Блейк изобразил полный священного ужаса взгляд. Который, впрочем, новая Сильвия не заметила, — так она была увлечена собственным рассказом. Уильям еще думал о Стоун, когда эта Сильвия, не на шутку вцепившаяся в его руку, уже рассказывала ему о гостях. Ее бурная речь оборвалась с окончанием музыкального трека и с началом нового: радостно взвизгнув, она объявила журналисту, что теперь он просто обязан с ней потанцевать! От этих слов на лице андроида изобразилась такая скука, что он начал спешно искать выход из грозившей ему ситуации. Что может быть лучше? Чем отвлечь ее, эту Сильвию?
— Извини, не могу! Мне нужно еще сделать снимки! Ты не против? — уточнил он.
Как же она, модель, могла быть против?
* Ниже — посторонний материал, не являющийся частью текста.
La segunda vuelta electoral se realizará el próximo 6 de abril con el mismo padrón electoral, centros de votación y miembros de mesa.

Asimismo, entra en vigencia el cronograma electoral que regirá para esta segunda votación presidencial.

Мгновенно, — словно и в ней, как в фотоаппарате, что был в руках Блейка, открылся затвор, — новая Сильвия изобразила перед новичком-журналистом чуть ли не с десяток профессиональных, модельных поз. Если бы не задание редакции и Моники, Уильям, взглянув на эти выученные позы и отрепетированные взгляды, наверняка рассмеялся бы. Но ему сейчас это было нельзя. И он, в сопровождении возмущенных и торопливых сообщений ОС, начал, наконец-то, исполнять свой репортерский долг. Фото, фото и фото! Сначала несколько — с одной Сильвией, а позже, когда от фотовспышек они стали заметны окружающим, — со слетевшимися на их свет другими моделями.
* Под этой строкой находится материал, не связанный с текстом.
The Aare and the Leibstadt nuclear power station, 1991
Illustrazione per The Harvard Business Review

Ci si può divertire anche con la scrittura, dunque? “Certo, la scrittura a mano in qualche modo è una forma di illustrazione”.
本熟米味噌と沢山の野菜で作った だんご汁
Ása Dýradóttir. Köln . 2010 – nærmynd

...Прошла только четверть часа, а у Блейка, если верить редакционному заданию, уже было на руках все, необходимое для великолепной статьи: общие сведения о клубе, интервью с моделями, записанные на диктофон, и нескончаемый поток снимков. О том, что позировать для неизвестного фотографа, чье лицо в полутемном клубе дополнительно и удачно было затемнено скругленным по краям козырьком кепки, девушки согласились не только в обмен на новые фотографии, но и на внимание со стороны самого репортера, Блейк не хотел. Наговорив какой-то ерунды и сторонясь пошлых, двусмысленных разговоров, он к концу заявленной четверти часа наулыбался так, что губы, без всякого преувеличения, сводило судорогой. Модели ждали его, звали и хотели. А он, отговорившись огромной занятостью и острейшей необходимостью срочно проявить их великолепные снимки, ретировался из клуба.
«Довольно неуклюже для репортера! — со злостью и досадой думал он, забираясь в салон своего Range Rover. — Если так и дальше пойдет...».
«Совсем скоро я представлю вам всю информацию об Аве Полгар. И тогда вы узнаете, на чем основана ее, так называемая, успешная компания Sunrise».
Заголовок вчерашней статьи из интернет-СМИ, составленный ииз слов Аллеса Гудвина и набранный огромными, жирными буквами, ослепил Блейка. Прошло несколько секунд. Уильям оглянулся на клуб, в котором совсем недавно он чувствовал себя так неуютно и неуклюже, и лицо его озарилось довольной, хищной улыбкой. Завтра Моника Бейли получит от него замечательную, просто великолепную статью! Нашептывая себе незамысловатый стишок, симпатичный и легкий, как летний день, Уильям завел автомобиль и поехал домой.
...Скоро твой путь озарится
Самой большой звездой.
Может, поэтому сейчас он
Такой тернистый.
И если тебе мерещится, что
Ты — совершенно пустой,
То, может быть,
Ты — совершенно чистый?
* * *
Он заглушил Land Rover перед загородным домом Авы Полгар, и остался в салоне, долго обдумывая то, что теперь предстояло сделать.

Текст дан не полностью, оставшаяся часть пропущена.